AVAILABLE DATA =
▬▬▬▬▬▬▬▬▬▬
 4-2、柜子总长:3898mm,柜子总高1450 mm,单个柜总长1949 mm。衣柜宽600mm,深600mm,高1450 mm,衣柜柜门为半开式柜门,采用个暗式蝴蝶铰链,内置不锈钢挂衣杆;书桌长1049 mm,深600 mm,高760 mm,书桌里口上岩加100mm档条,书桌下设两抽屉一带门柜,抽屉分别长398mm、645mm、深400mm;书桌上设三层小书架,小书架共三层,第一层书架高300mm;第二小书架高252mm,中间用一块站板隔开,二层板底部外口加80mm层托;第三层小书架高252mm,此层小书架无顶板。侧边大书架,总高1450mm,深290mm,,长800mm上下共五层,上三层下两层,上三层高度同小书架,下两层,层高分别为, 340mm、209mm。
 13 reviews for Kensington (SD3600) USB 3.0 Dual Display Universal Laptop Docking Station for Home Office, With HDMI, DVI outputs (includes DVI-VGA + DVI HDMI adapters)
▬▬▬▬▬▬▬▬▬▬
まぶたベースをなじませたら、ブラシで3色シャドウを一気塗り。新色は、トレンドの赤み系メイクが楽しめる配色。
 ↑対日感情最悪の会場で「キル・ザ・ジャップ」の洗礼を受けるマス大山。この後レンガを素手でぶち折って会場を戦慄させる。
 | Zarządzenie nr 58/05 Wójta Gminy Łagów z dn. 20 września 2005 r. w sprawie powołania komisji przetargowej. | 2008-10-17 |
▬▬▬▬▬▬▬▬▬▬
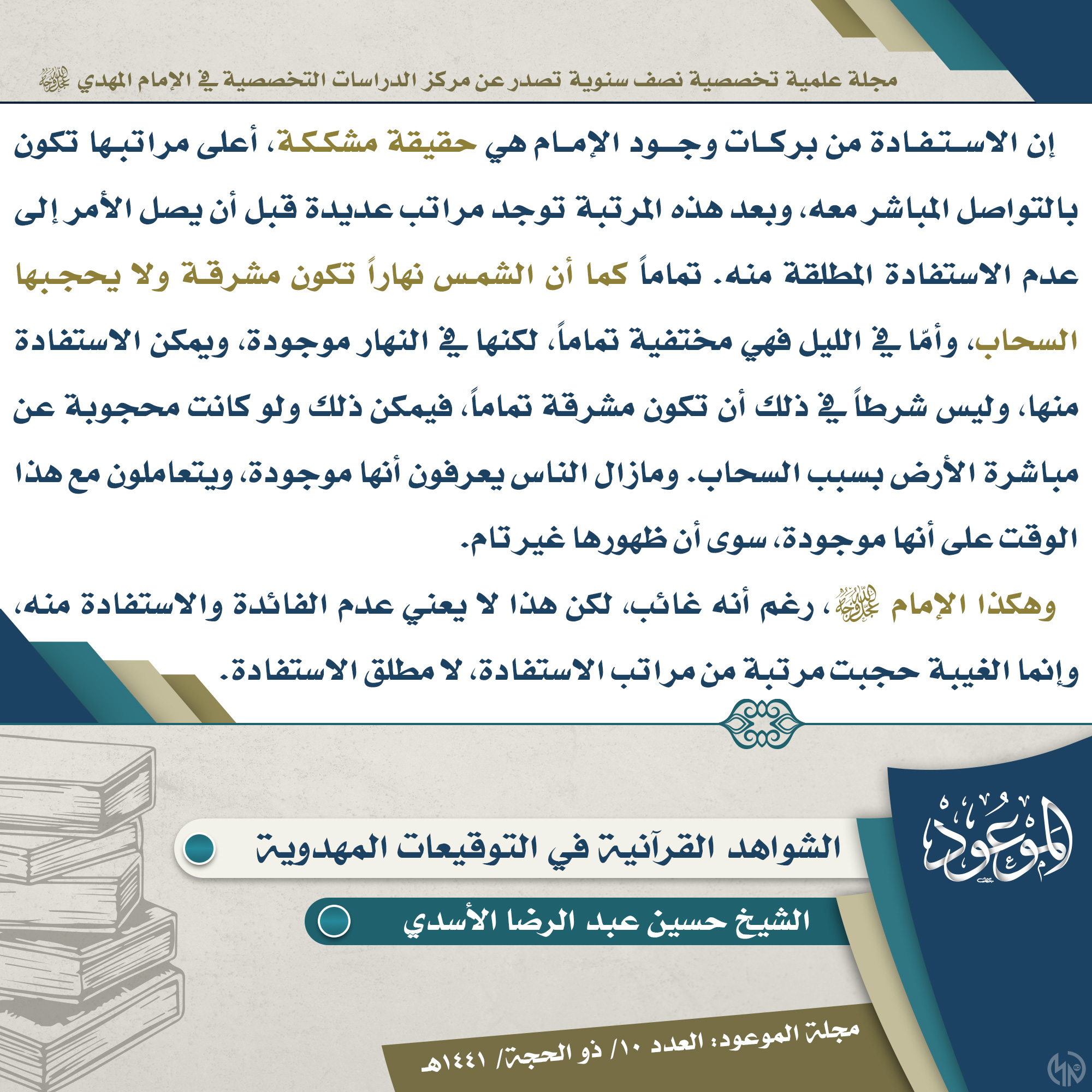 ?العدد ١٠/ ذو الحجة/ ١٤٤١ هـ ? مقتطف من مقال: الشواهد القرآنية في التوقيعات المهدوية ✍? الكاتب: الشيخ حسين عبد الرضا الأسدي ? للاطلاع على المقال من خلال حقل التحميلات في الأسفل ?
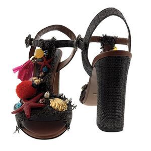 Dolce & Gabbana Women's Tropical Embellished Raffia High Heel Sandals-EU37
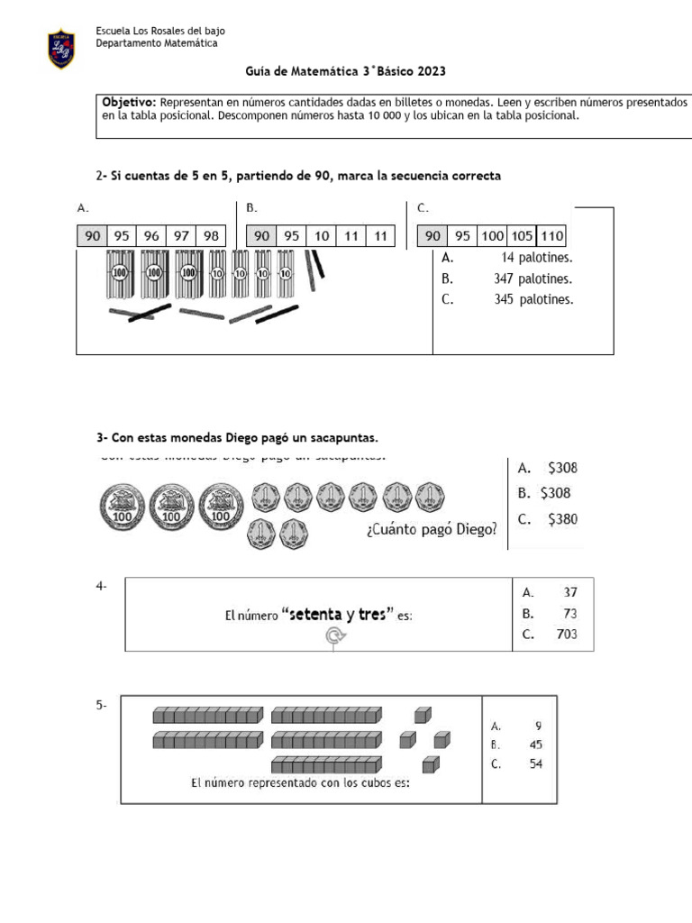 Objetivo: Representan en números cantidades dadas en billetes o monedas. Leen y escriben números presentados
▬▬▬▬▬▬▬▬▬▬
PROBLEM DESCRIPTION = Print again the lines of the entries above that fall between the line holding "4-2、柜子总长:3898mm,柜子总高1450 mm,单个柜总长1949 mm。衣柜宽600mm,深600mm,高1450" and the line holding "13 reviews for", inclusive, exactly as they stand.

TASK RESPONSE =
 4-2、柜子总长:3898mm,柜子总高1450 mm,单个柜总长1949 mm。衣柜宽600mm,深600mm,高1450 mm,衣柜柜门为半开式柜门,采用个暗式蝴蝶铰链,内置不锈钢挂衣杆;书桌长1049 mm,深600 mm,高760 mm,书桌里口上岩加100mm档条,书桌下设两抽屉一带门柜,抽屉分别长398mm、645mm、深400mm;书桌上设三层小书架,小书架共三层,第一层书架高300mm;第二小书架高252mm,中间用一块站板隔开,二层板底部外口加80mm层托;第三层小书架高252mm,此层小书架无顶板。侧边大书架,总高1450mm,深290mm,,长800mm上下共五层,上三层下两层,上三层高度同小书架,下两层,层高分别为, 340mm、209mm。
 13 reviews for Kensington (SD3600) USB 3.0 Dual Display Universal Laptop Docking Station for Home Office, With HDMI, DVI outputs (includes DVI-VGA + DVI HDMI adapters)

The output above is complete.